:: PROBLEM DESCRIPTION ::
Shown below is a listing with pictures; reproduce exactly, and only, the lines between the ones containing "Festive Christmas tree" and "優駿ロードと呼ばれるように、", inclusive, leaving the pictures out.

:: GIVEN RECORDS ::
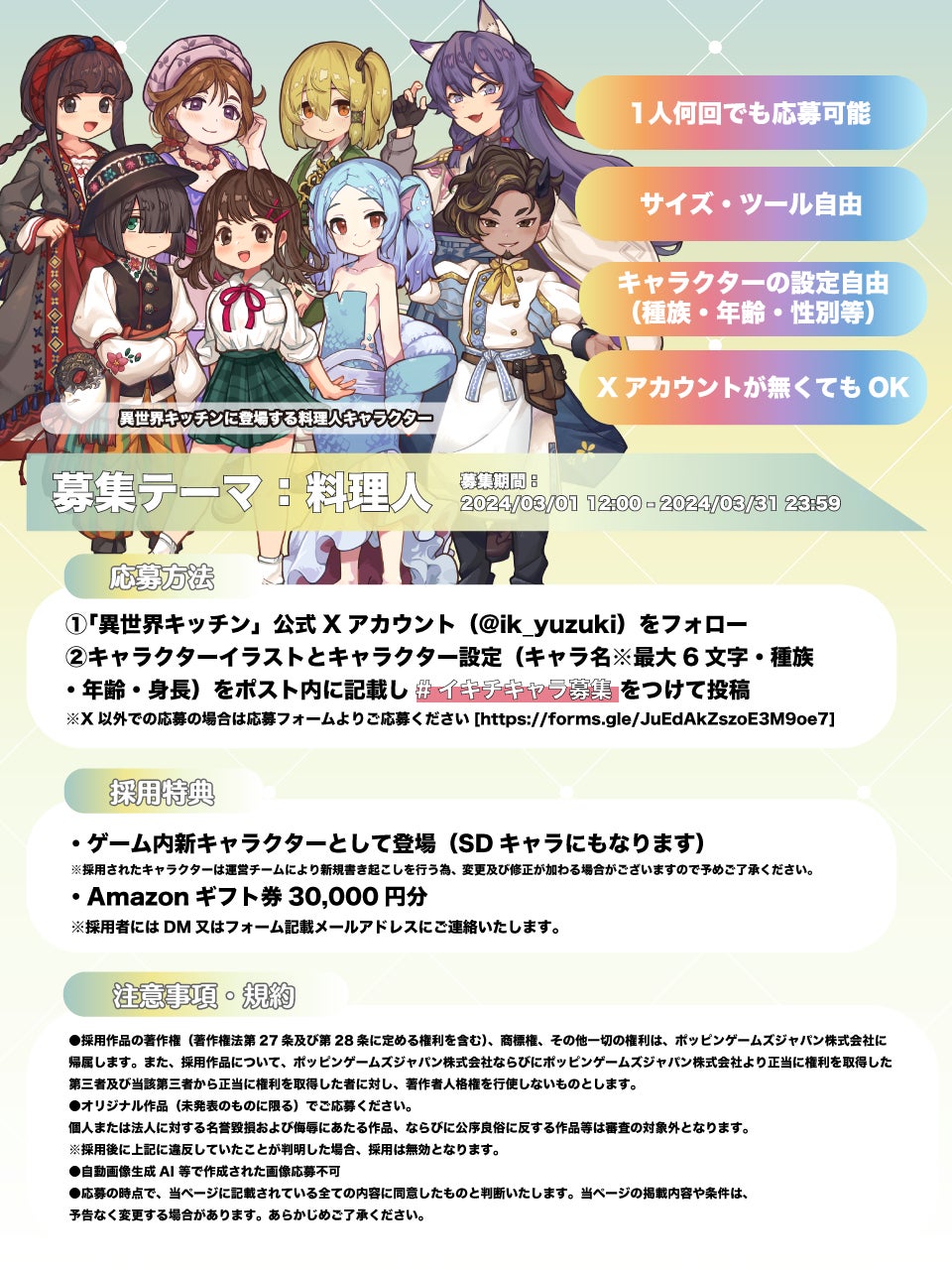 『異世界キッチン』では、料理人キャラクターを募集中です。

---

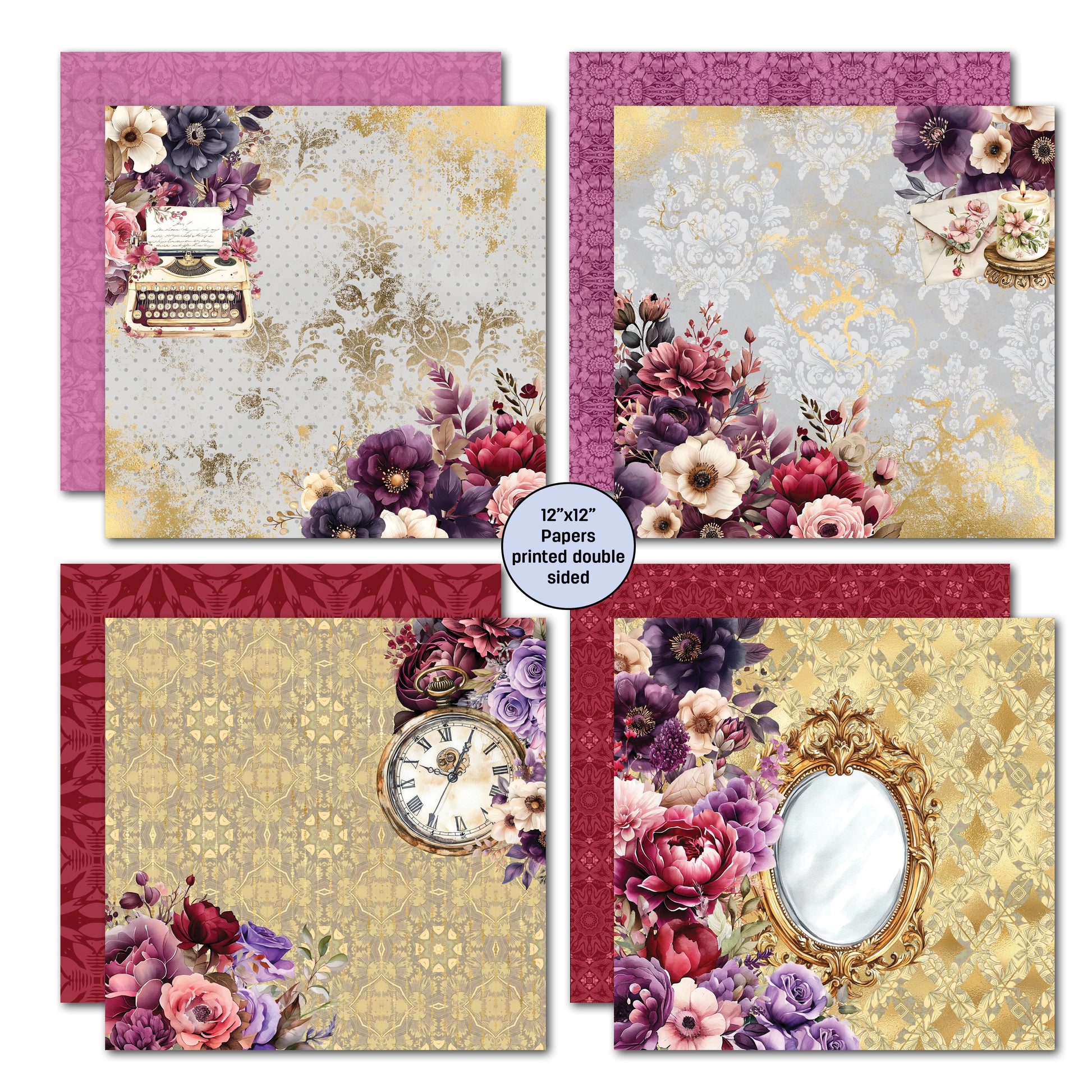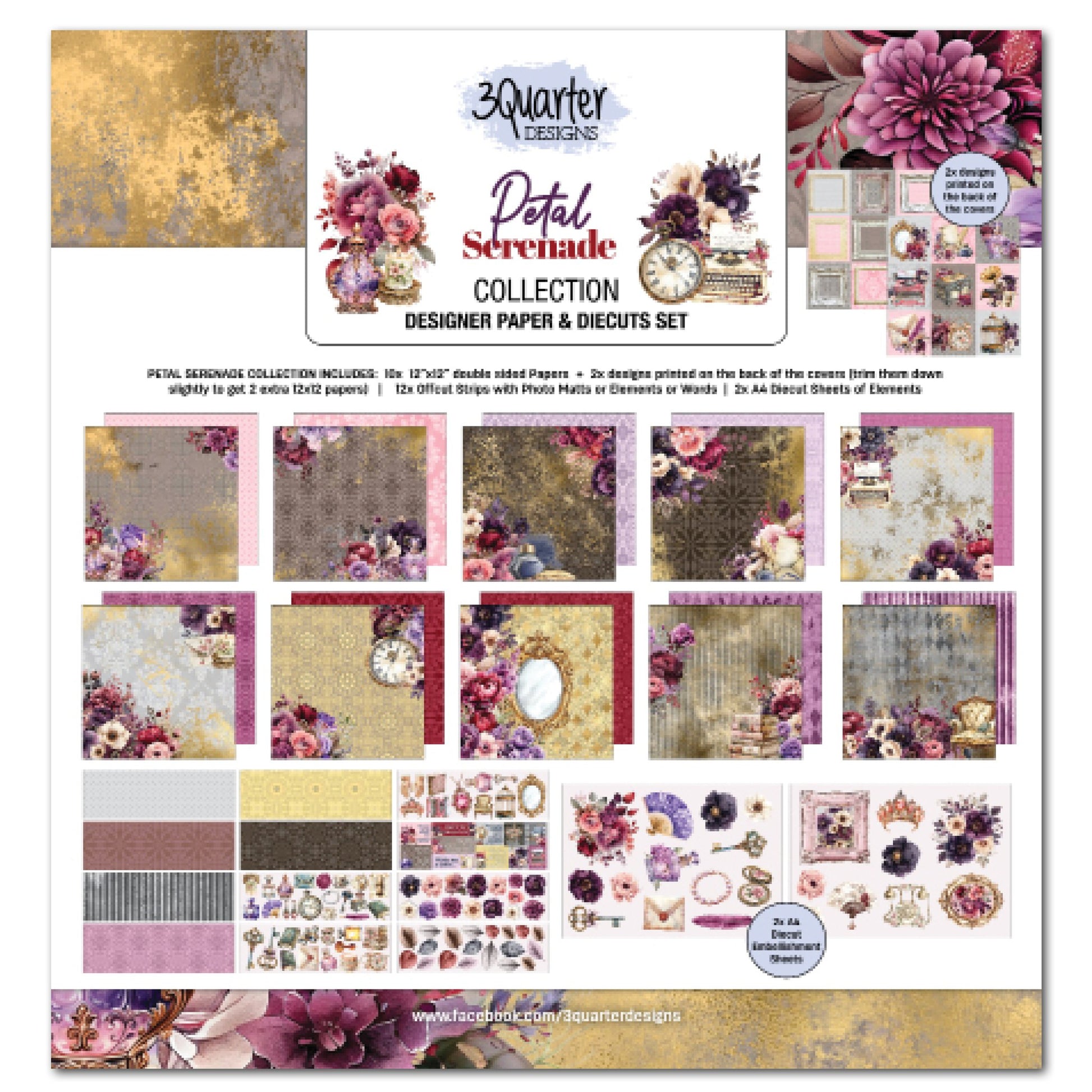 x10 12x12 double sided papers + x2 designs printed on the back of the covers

--

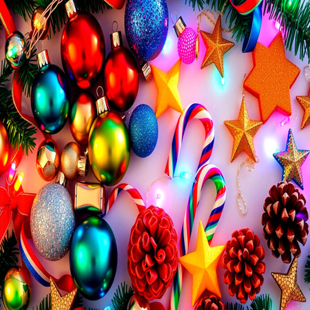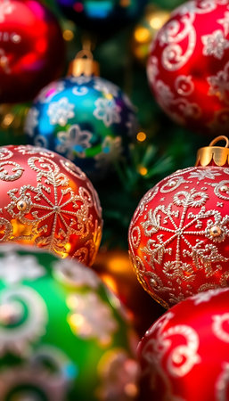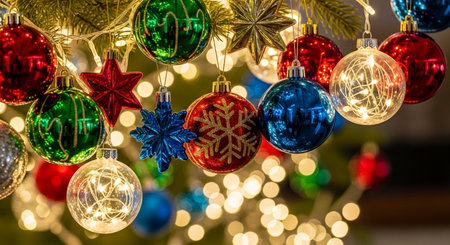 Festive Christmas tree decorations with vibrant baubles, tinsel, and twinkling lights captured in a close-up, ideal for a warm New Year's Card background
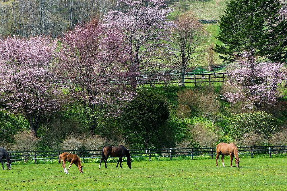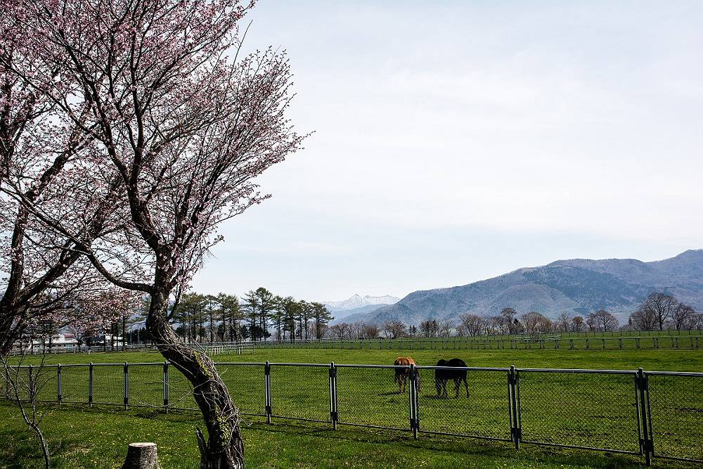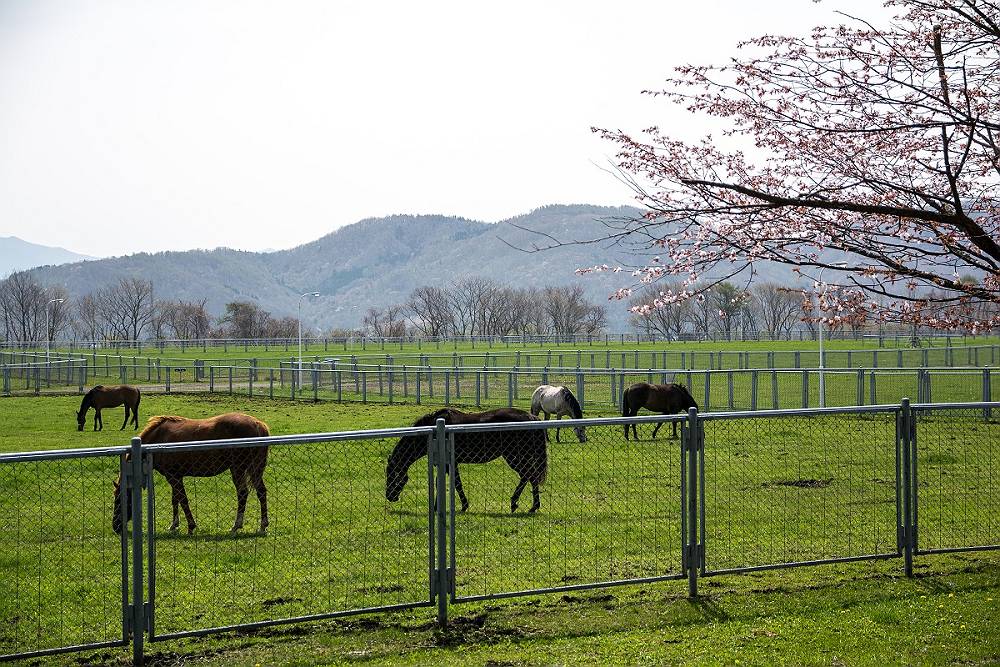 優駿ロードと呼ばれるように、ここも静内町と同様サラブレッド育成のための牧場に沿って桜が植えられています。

:: THE COMPLETED TASK ::
 Festive Christmas tree decorations with vibrant baubles, tinsel, and twinkling lights captured in a close-up, ideal for a warm New Year's Card background
 優駿ロードと呼ばれるように、ここも静内町と同様サラブレッド育成のための牧場に沿って桜が植えられています。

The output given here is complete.